● **THE TASK**
Output nothing but the lines from the first line of the entries to the line with "Classer les verbes", inclusive, exactly as they read.
MATERIAL FOR THE TASK section start
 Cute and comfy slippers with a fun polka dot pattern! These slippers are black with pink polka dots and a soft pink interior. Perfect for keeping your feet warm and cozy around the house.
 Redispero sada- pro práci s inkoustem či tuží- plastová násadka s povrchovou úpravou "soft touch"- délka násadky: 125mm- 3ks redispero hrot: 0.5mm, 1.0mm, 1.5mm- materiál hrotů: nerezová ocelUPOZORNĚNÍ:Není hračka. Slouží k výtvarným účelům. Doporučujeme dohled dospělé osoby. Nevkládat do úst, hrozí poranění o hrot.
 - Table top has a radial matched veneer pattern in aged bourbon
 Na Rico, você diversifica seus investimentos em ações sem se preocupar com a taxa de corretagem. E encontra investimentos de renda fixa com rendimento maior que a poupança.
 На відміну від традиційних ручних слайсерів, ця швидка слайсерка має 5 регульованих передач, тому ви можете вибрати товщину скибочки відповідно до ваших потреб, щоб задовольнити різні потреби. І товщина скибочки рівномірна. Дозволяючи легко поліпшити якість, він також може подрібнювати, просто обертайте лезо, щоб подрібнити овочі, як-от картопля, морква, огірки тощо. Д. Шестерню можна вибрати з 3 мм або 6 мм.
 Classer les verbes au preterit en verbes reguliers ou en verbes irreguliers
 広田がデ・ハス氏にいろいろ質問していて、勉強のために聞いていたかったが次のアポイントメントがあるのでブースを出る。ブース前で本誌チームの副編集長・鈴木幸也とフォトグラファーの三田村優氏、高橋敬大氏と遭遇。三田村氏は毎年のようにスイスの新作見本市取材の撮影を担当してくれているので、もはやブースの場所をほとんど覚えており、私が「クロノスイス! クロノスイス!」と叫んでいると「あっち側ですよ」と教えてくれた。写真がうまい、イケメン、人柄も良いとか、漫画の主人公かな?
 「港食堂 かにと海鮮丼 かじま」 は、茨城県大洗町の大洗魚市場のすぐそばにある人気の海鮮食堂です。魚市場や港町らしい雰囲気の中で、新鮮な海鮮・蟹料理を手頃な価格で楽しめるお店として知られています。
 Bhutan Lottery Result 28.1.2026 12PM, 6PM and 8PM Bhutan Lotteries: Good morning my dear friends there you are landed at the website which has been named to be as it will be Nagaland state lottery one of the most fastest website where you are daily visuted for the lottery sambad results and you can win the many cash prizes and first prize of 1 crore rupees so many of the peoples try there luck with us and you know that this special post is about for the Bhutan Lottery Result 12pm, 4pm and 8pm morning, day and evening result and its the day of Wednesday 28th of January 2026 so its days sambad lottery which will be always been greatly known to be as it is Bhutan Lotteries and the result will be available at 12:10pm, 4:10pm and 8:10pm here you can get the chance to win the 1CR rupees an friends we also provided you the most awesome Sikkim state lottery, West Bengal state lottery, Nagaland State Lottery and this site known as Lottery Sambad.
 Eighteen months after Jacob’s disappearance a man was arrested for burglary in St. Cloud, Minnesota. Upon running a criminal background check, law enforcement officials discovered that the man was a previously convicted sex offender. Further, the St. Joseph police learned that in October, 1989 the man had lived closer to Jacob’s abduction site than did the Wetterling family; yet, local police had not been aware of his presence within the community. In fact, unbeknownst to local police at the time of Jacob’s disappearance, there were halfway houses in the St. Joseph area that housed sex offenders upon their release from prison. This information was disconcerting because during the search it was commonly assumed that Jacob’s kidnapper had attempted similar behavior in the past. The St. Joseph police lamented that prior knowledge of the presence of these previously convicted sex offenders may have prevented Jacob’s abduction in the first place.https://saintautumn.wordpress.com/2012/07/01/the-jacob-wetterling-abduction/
MATERIAL FOR THE TASK section end
● **OUTPUT FOR THIS TASK**
 Cute and comfy slippers with a fun polka dot pattern! These slippers are black with pink polka dots and a soft pink interior. Perfect for keeping your feet warm and cozy around the house.
 Redispero sada- pro práci s inkoustem či tuží- plastová násadka s povrchovou úpravou "soft touch"- délka násadky: 125mm- 3ks redispero hrot: 0.5mm, 1.0mm, 1.5mm- materiál hrotů: nerezová ocelUPOZORNĚNÍ:Není hračka. Slouží k výtvarným účelům. Doporučujeme dohled dospělé osoby. Nevkládat do úst, hrozí poranění o hrot.
 - Table top has a radial matched veneer pattern in aged bourbon
 Na Rico, você diversifica seus investimentos em ações sem se preocupar com a taxa de corretagem. E encontra investimentos de renda fixa com rendimento maior que a poupança.
 На відміну від традиційних ручних слайсерів, ця швидка слайсерка має 5 регульованих передач, тому ви можете вибрати товщину скибочки відповідно до ваших потреб, щоб задовольнити різні потреби. І товщина скибочки рівномірна. Дозволяючи легко поліпшити якість, він також може подрібнювати, просто обертайте лезо, щоб подрібнити овочі, як-от картопля, морква, огірки тощо. Д. Шестерню можна вибрати з 3 мм або 6 мм.
 Classer les verbes au preterit en verbes reguliers ou en verbes irreguliers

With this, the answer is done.